Muhammad Asad (1900–1992) Austrian, journalist and convert to Islam. His The
Message of the Qur’an is still one of the best translations available, its language is clear and straightforward and it comes with numerous useful explanatory footnotes. Banned by the Saudi government for its unorthodox stance on a number of
doctrinal issues.

Ahmed ‘Ali Pakistani, distinguished writer and diplomat. The purpose of his Al-Qur’an,
A Contemporary Translation is to replace the sometimes archaic prose of his predecessors, most notably Pickthall and Yusuf ‘Ali, with a text written in contemporary English prose that attempts to stay away from interpretation. Criticized by Muslim scholars for alleged liberties it takes with the text.
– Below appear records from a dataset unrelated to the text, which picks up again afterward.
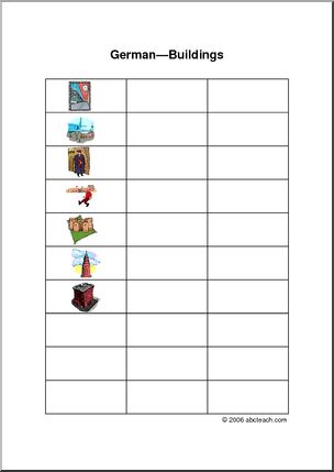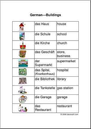 Seventeen basic buildings presented on a color chart. Useful for study or as a bulletin board decoration. In German and in German/English, as well as unlabeled to use as a worksheet etc.
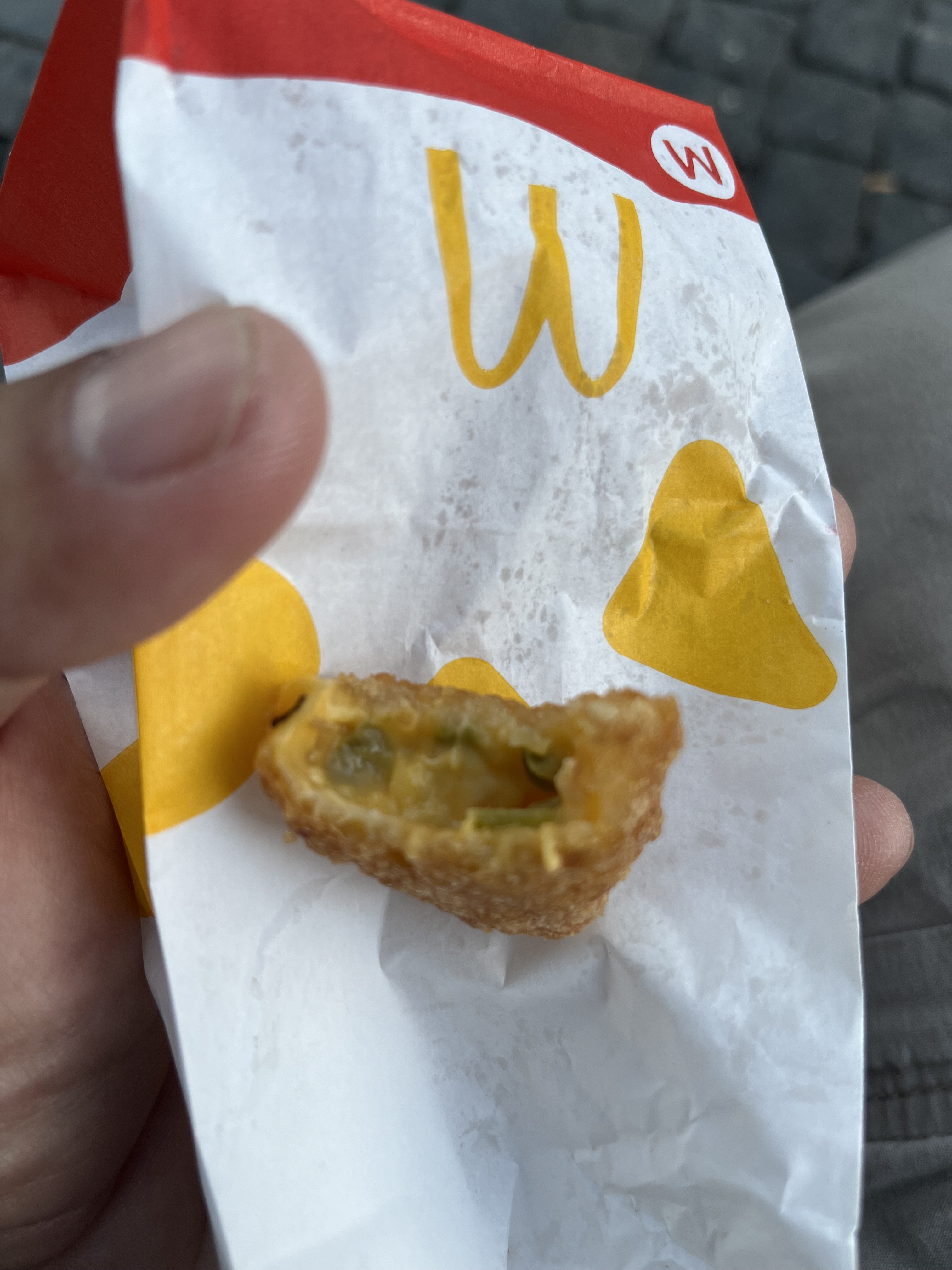 Mcds for dinner. We always do. Potato stuffed with chili (jalapenos) and a bite taken out and a McRib. Year round. How magical. The sauce is different-not as tangy.
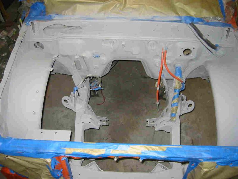 Engine bay primered, upper firewall smoothed

Majid Fakhry Pakistani, emeritus of philosophy at the American University in Beirut. In An Interpretation of the Qur’an, he again attempts to avoid the archaic language of previous translations—in the process, he glosses over some of the original’s rhetorical power and beauty. Consequently, it received unfavorable reviews in the
Western academic press.

Muhammad Abdel-Haleem Egyptian, professor of Islamic Studies at the University of London who also received the traditional religious training in Egypt. The aim of his The Qur’an, A New Translation is to improve the clarity, accuracy and flow of previous versions. A competent and remarkably precise prose rendition of the Qur’an; it comes with a minimum of explanatory notes.

mriexin said...

But do you know if these guys are actually using the same language as Jisr (i.e. they are aware of his work and are referring to it) or they are coming to it on their own?
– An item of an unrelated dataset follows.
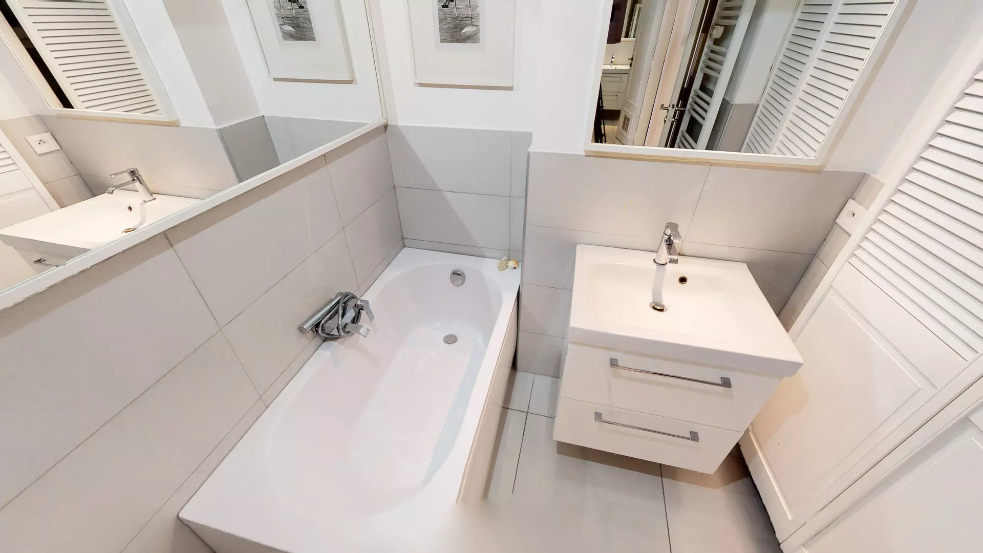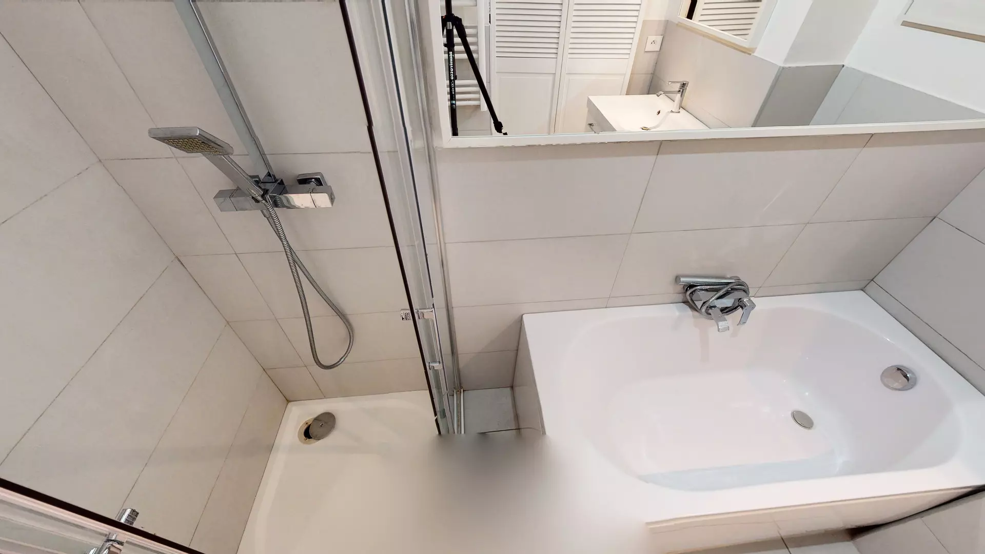 Salle de bains avec baignoire/douche et lave-/sèche-linge
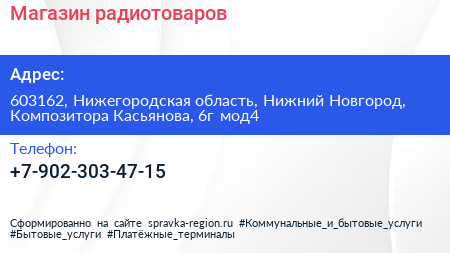 Магазин радиотоваров по адресу 603162, Нижегородская область, Нижний Новгород, Композитора Касьянова, 6г мод4 в дальнейшем Организация, размещена в следующих категориях:

Al-Jisr's book is still published in Lebanon, but I think due to the interest in local history and the willingness of Western institutes for Islamic studies to buy such stuff.
The argument that evolutio
n might hold true for plants and animals but definitely not with regard to humans seems to me in the Islamic context "typically Arab". I do not thnik that recent authors are still taking the arguments from al-Jisr. But in the 1950/60s these arguments were also used, for example by Sayyid Qutb. And I think although I cannot prove it that at the authors writing at that time were still aware of him. So they might be considered the "missing links".

Interestingly that position was taken by many Catholic authors in the late 19th/ early 20th century.